> WHAT YOU NEED TO DO: Go to the line below containing "紫の強いワインレッド地に織ら" and print exactly from there through the line containing "علبة هندسة academy", both included. Print nothing else.

> EXCERPTED RECORDS:
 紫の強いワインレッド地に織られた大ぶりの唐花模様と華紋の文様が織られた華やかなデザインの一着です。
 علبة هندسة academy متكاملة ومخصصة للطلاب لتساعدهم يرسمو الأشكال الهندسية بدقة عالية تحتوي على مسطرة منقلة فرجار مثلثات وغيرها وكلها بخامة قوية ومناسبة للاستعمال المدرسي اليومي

==

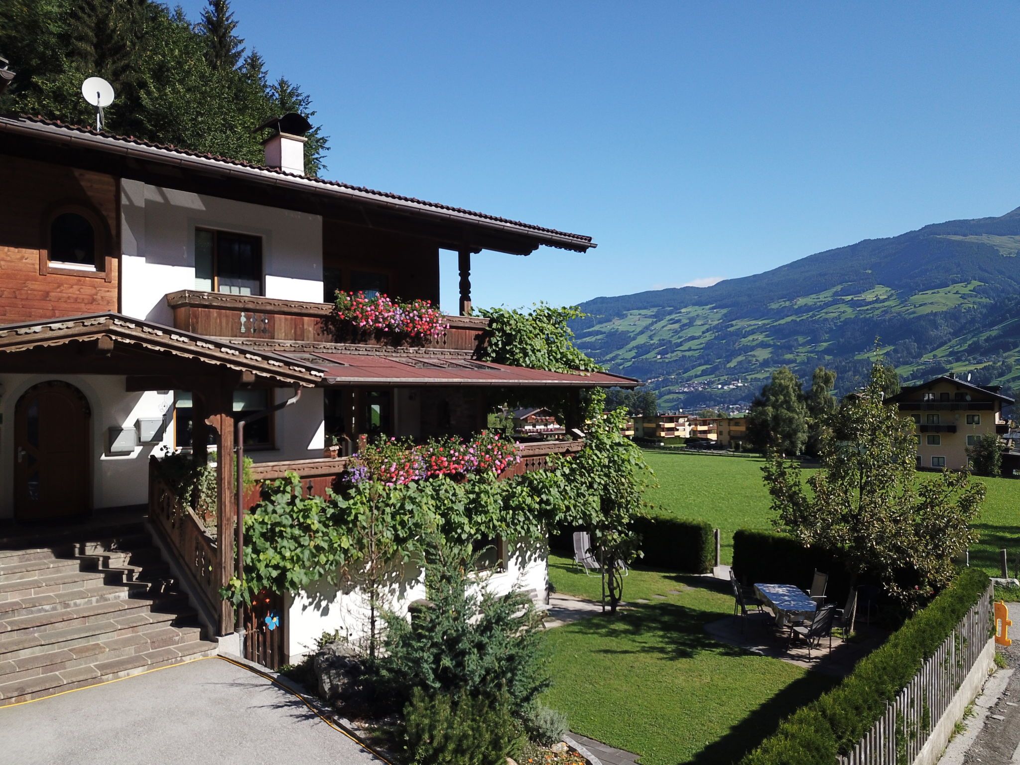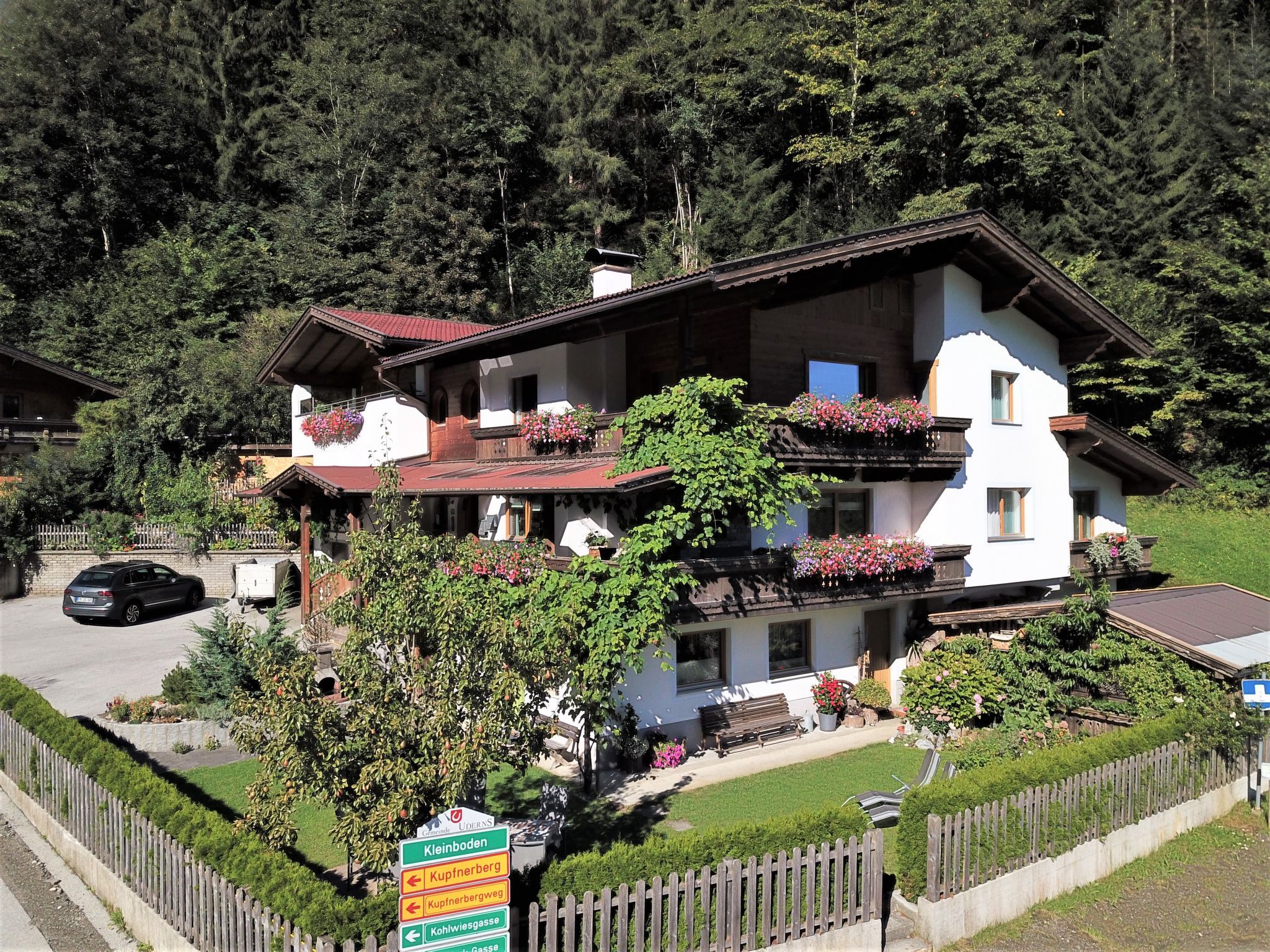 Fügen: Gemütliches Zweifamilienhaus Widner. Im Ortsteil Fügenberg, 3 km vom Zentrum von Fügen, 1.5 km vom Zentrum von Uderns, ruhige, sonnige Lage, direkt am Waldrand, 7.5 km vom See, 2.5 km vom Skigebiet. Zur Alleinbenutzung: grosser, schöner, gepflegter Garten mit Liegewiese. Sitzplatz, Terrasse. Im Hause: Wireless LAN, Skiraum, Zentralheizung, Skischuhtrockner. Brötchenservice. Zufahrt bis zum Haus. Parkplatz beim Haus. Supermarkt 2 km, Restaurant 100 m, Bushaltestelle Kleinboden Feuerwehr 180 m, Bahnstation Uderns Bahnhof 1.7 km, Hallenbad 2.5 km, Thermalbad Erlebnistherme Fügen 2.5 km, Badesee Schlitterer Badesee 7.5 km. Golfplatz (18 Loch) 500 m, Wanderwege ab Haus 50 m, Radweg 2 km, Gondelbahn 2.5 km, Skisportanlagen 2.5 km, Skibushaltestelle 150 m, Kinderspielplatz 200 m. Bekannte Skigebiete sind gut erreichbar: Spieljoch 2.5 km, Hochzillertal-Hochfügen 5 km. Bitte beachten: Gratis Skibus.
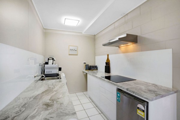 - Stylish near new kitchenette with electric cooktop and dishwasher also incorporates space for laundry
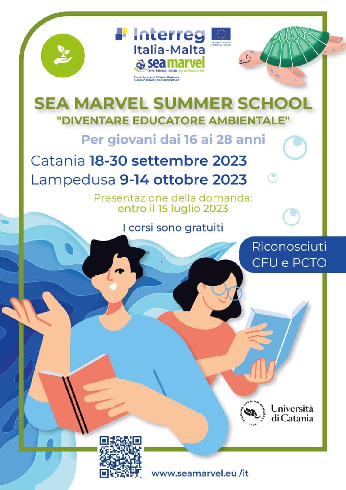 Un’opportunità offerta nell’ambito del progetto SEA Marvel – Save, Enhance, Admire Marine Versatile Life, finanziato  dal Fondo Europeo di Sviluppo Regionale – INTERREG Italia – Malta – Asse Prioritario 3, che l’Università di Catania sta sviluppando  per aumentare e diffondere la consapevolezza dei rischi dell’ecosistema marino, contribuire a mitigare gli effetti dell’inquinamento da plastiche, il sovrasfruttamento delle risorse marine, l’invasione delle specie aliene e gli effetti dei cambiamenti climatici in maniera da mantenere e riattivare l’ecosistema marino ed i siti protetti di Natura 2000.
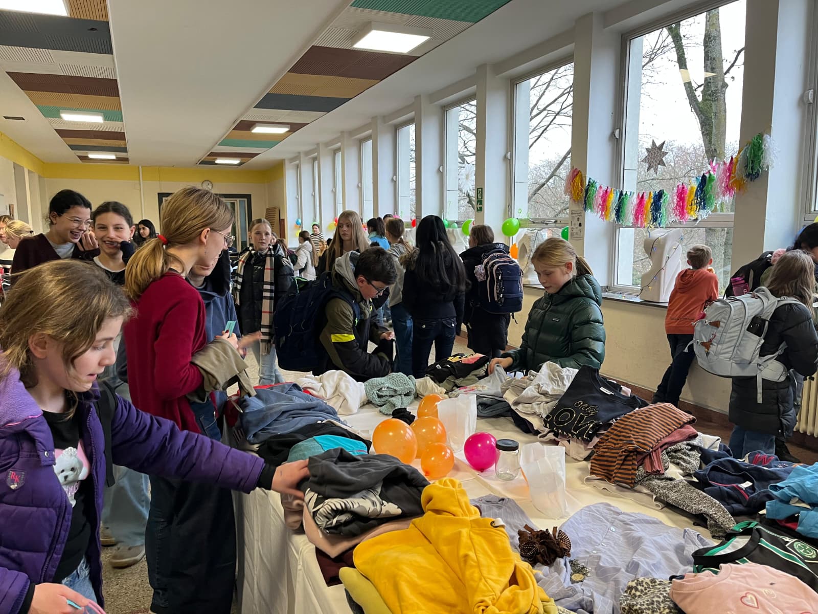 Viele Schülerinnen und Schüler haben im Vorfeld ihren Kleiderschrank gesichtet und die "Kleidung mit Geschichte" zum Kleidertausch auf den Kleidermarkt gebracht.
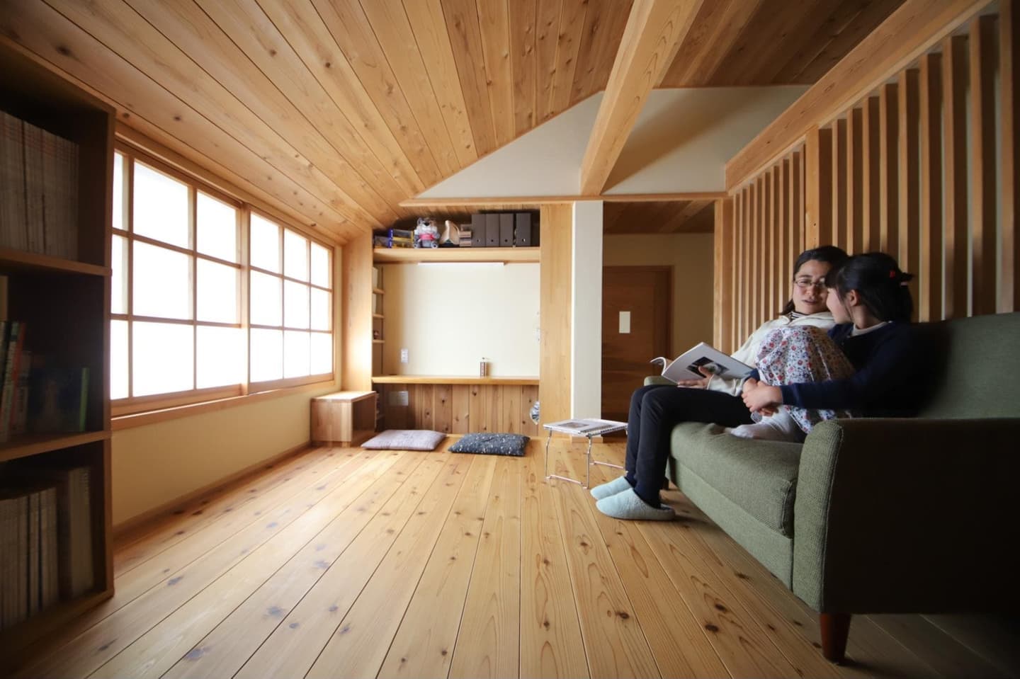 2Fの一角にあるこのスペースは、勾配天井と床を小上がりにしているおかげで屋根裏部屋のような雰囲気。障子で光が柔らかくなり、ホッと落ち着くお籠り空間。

...

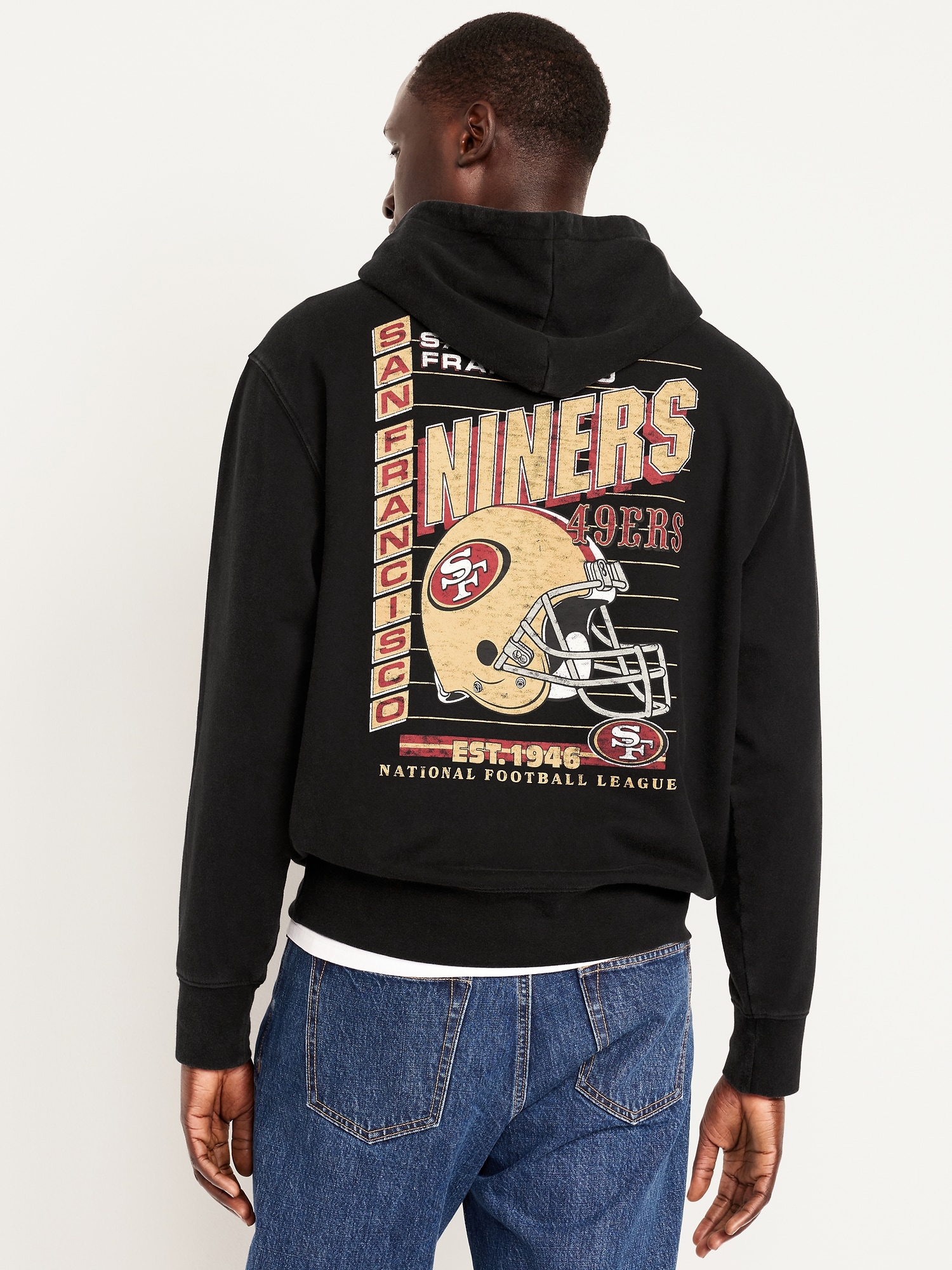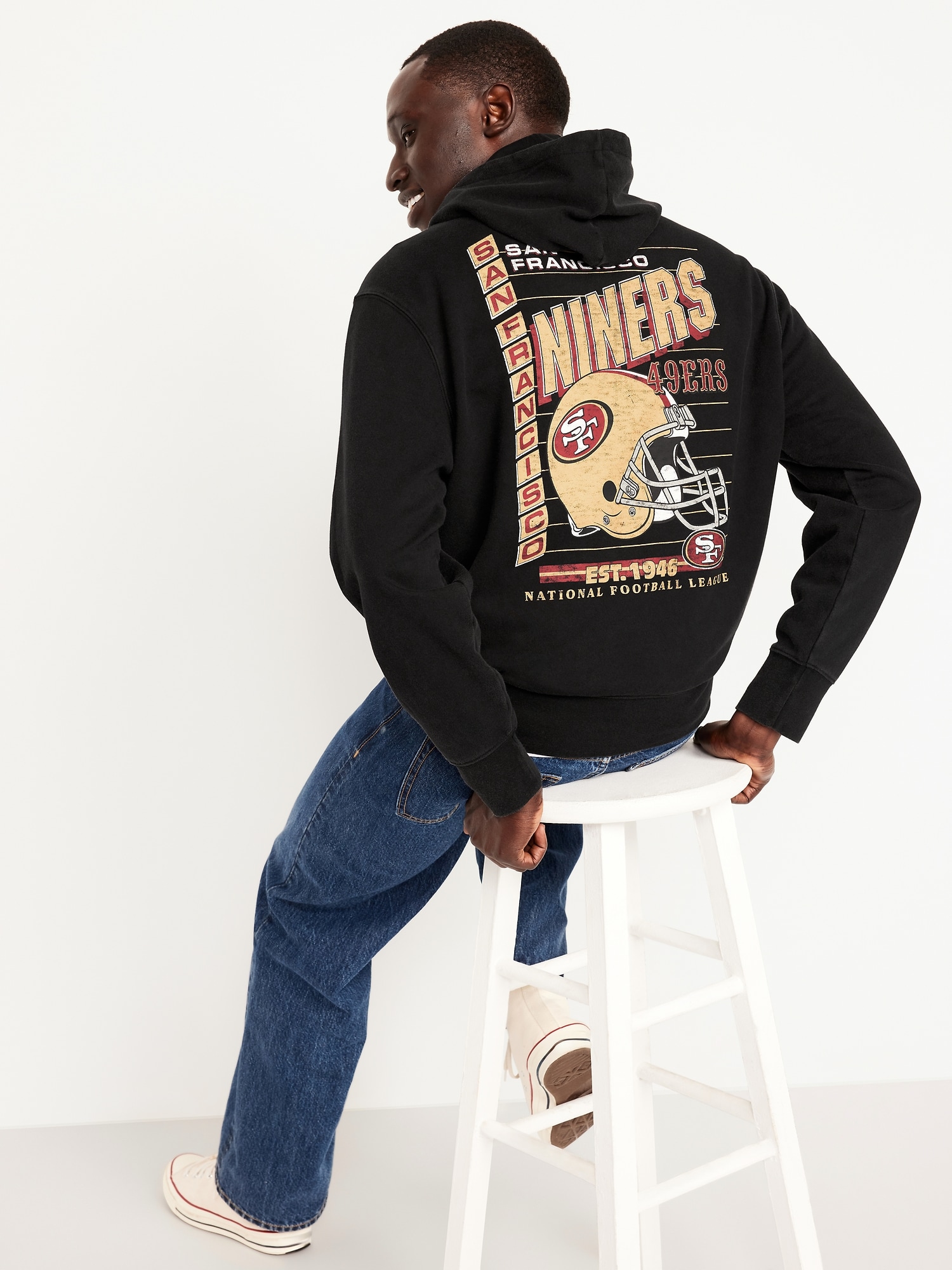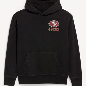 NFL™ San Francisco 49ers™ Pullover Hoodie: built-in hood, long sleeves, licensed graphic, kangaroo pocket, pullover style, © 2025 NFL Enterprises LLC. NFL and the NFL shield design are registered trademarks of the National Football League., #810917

> COMPLETED EXERCISE:
 紫の強いワインレッド地に織られた大ぶりの唐花模様と華紋の文様が織られた華やかなデザインの一着です。
 علبة هندسة academy متكاملة ومخصصة للطلاب لتساعدهم يرسمو الأشكال الهندسية بدقة عالية تحتوي على مسطرة منقلة فرجار مثلثات وغيرها وكلها بخامة قوية ومناسبة للاستعمال المدرسي اليومي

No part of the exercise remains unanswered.